Economic impact of urinary stones
Introduction
The prevalence of kidney stones has steadily risen in recent decades, with >8% of the United States population presently being affected (1). A significant economic burden is associated with kidney stones, with annual estimates exceeding $5 billion (2,3). This economic toll includes both direct treatment costs, and the indirect costs associated with lost worker productivity. Unfortunately, there has been limited cost effectiveness research in the area of kidney stone management; this research requires advancement, given the panoply of surgical and medical treatments of stone disease with uncertainty regarding comparative effectiveness incorporating short and long term endpoints. In this paper, we present data regarding the economic impact of kidney stone disease, and review the cost effectiveness of surgical and medical interventions based on existing literature.

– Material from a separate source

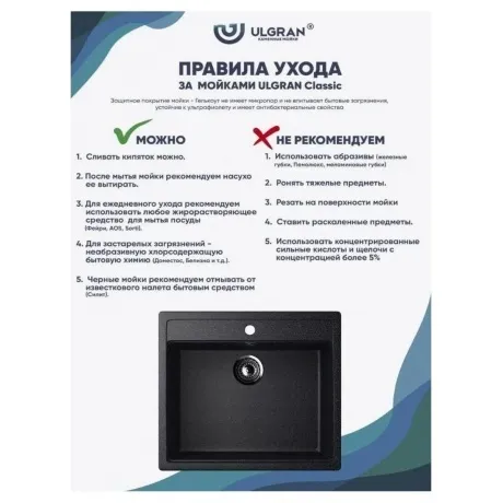 Описание товара Мойка Ulgran Classic черный (U-104-308)

Clinical burden of kidney stones
Nephrolithiasis is common and rising in prevalence. Lifetime risk in the United States exceeds 12% in men and 6% in women (4). Also, stone formers are notorious recidivists, as up to 50% of patients develop recurrence after their initial event (5). Based on the acute nature of presentation, kidney stones generate a large volume of emergency department visits and hospital admissions. The Healthcare Cost and Utilization Project reported that, in 2009, there were 1.3 million ED visits for kidney stones, with >3,600 ED visits for stones every day (6). The upward trend is significant, with ED visits increasing 20% between 2005 and 2009, and rates of hospitalization increasing 14% in the same period. Approximately 20% of ED visits for stones result in hospitalization, with most patients being treated as outpatients. This clinical demand is associated with a substantial economic burden as discussed below.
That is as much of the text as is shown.